D. sedmod v1.0 (by Hern Chen)

  The following expressions can be used for /RE/ addresses in the LHS
  of a substitution:

     +    - 1 or more occurrences of previous RE: same as \{1,\}
     \a   - any alphanumeric: same as [a-zA-Z0-9]
     \A   - 1 or more alphas: same as \a+
     \d   - any digit: same as [0-9]
     \D   - 1 or more digits: same as \d+
     \h   - any hex digit: same as [0-9a-fA-F]
     \H   - 1 or more hexdigits: same as \h+
     \l   - any letter: same as [A-Za-z]
     \L   - 1 or more letters: same as \l+
     \n   - newline      (read as 2 bytes, 0D 0A or ^M^J, in DOS)
     \s   - any whitespace character: space, tab, or vertical tab
     \S   - 1 or more whitespace chars: same as \s+
     \t   - tab          (ASCII 09, 0x09)
     \<   - boundary between nonword and word character
     \>   - boundary between word and nonword character

  The following expressions can be used in the RHS of a substitution.
  "Elements" refer to \1 .. \9, &, $0, or $1 .. $9:

     &    - insert regexp defined on LHS
     \e   - end case conversion of next element
     \E   - end case conversion of remaining elements
     \l   - change next element to lower case
     \L   - change remaining elements to lower case
     \n   - newline      (printed as 2 bytes, 0D 0A or ^M^J, in DOS)
     \t   - tab          (ASCII 09, 0x09)
     \u   - change next element to upper case
     \U   - change remaining elements to upper case
     $0   - insert pattern space BEFORE the substitution
     $1-$9 - match Nth word on the pattern space

E. UnixDos sed

  The following expressions can be used in text, LHS, and RHS:

     \n   - newline      (printed as 2 bytes, 0D 0A or ^M^J, in DOS)

6.8.4. Word boundaries

  GNU sed, HHsed, and sedmod use certain symbols to define the
  boundary between a "word character" and a nonword character. A word
  character fits the regex "[A-Za-z0-9_]". Note: a word character
  includes the underscore "_" but not the hyphen, probably because
  the underscore is permissible as a label in sed and in other
  scripting languages. (In gsed103, a word character did NOT include
  the underscore; it included alphanumerics only.)

  These symbols include '\<' and '\>' (gsed, HHsed, sedmod) and '\b'
  and '\B' (gsed only). Note that the boundary symbols do not
  represent a character, but a position on the line. Word boundaries
  are used with literal characters or character sets to let you match
  (and delete or alter) whole words without affecting the spaces or
  punctuation marks outside of those words. They can only be used in
  a "/pattern/" address or in the LHS of a 's/LHS/RHS/' command. The
  following table shows how these symbols may be used in HHsed and
  GNU sed. Sedmod matches the syntax of HHsed.

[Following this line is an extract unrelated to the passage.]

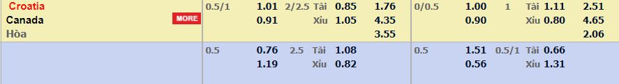 Tỷ lệ kèo bóng đá Croatia vs Canada – 23h00 – 27/11/2022
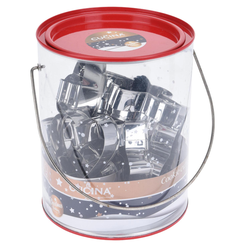 Backen Sie köstliche Weihnachtsplätzchen mit diesem 16-teiligen Ausstecherset mit Weihnachtsmotiv.

     Match position      Possible word boundaries   HHsed   GNU sed
     ---------------------------------------------------------------
     start of word    [nonword char]^[word char]      \<    \< or \b
     end of word         [word char]^[nonword char]   \>    \> or \b
     middle of word      [word char]^[word char]     none      \B
     outside of word  [nonword char]^[nonword char]  none      \B
     ---------------------------------------------------------------

6.8.5. Range addressing with GNU sed and HHsed

  When addressing a range of lines, as in the following example to
  delete all lines between /RE1/ and /RE2/,

     sed '/RE1/,/RE2/d' file

  if /RE1/ and /RE2/ both occur on the same line, HHsed will delete
  that single line and then look forward in the file for the next
  occurrence of /RE1/ to attempt the deletion. GNU sed will match the
  first line containing /RE1/ but will look forward to the next and
  succeeding lines to match /RE2/. If /RE1/ and /RE2/ cannot be found
  on two different lines, nothing will be deleted.

  GNU sed v2.05 has a bug in range addressing (see section 6.7.C(3),
  above). This was fixed in gsed v3.02.

  GNU sed v3.02.80 supports 0 in range addressing, which means that
  the range "0,/RE/" will match every line from the top of the file
  to the first line containing /RE/, inclusive, and if /RE/ occurs on
  the first line of the file, only line 1 will be matched.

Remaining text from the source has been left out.